6. The storage and disposal of petroleum hydrocarbons, chemicals and potentially hazardous substances in accordance with the current published version of the DoWs relevant Water Quality Protection Notes and Guidelines for mining and mineral processing.
In respect to Artesian (confined) Aquifers and Wells the following endorsement applies:
7. The abstraction of groundwater from an artesian well and the construction, enlargement, deepening or altering of any artesian well is prohibited unless a current licence for these activities has been issued by DoW.
In respect to Waterways the following endorsement applies:
8. Advice shall be sought from the DoW if proposing any exploration within a defined waterway and within a lateral distance of:
·50 metres from the outer-most water dependent vegetation of any perennial waterway; and
·30 metres from the outer-most water dependent vegetation of any seasonal waterway.
Native title party’s statement of contentions
The native title party’s contentions are summarised in the following three paragraphs.
Interference with Community or Social Activities (s 237(a))

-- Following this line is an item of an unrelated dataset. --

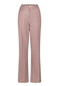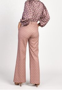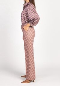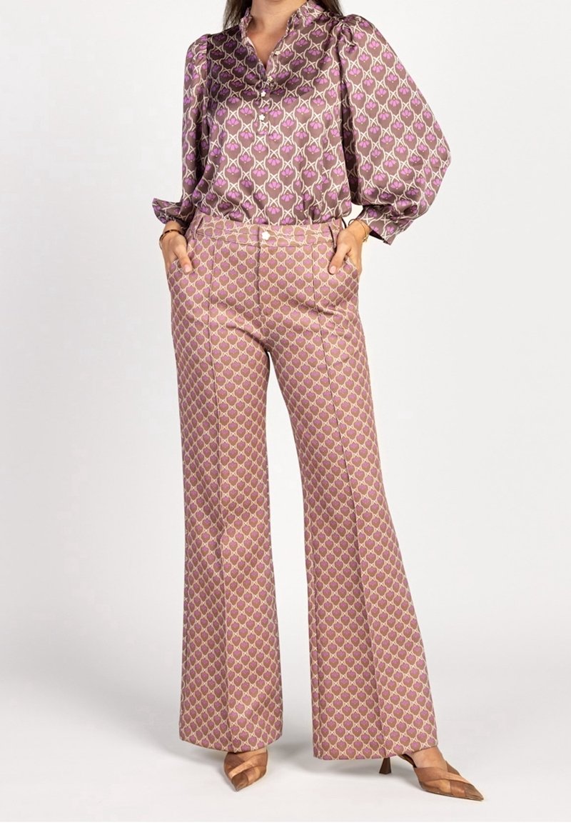 Femme portant un chemisier assorti à motifs roses et beiges avec des manches bouffantes, et un pantalon large taille haute, debout les mains dans les poches.

· The grant of the tenement is likely to interfere directly with the carrying on of the community and social activities of the Wutha people (at 5).
· The grantee party will be able to exercise rights and interests in the land that will interfere with the native title party’s ability to access the land (at 5(a)).
· The exercise of the grantee party’s rights and interests will interfere with the carrying on of community activities of the native title party, such as hunting, gathering, extraction of flora, the use of other resources of the land, and any religious, ceremonial and other activities (at 5(b)).
· The exercise of the grantee party’s rights and interests will interfere with the carrying on of social activities such as the telling of stories and dreaming and the continuation of oral traditions about the relationships of the native title party to the land (at 5(c)).
Interference with Areas or Sites of Particular Significance (s 237 (b))
· The grant of the tenement is likely to interfere directly with areas or sites of particular significance (at 6).
· It cannot be said with any certainty that the grant of the proposed license is not likely to interfere with sites or areas of particular significance until an approved heritage protection survey has been undertaken with the native title party (at 6(a)).
· The Government party has not proposed that a condition be imposed requiring the carrying out of an approved heritage protection survey with the native title party at 6(b)).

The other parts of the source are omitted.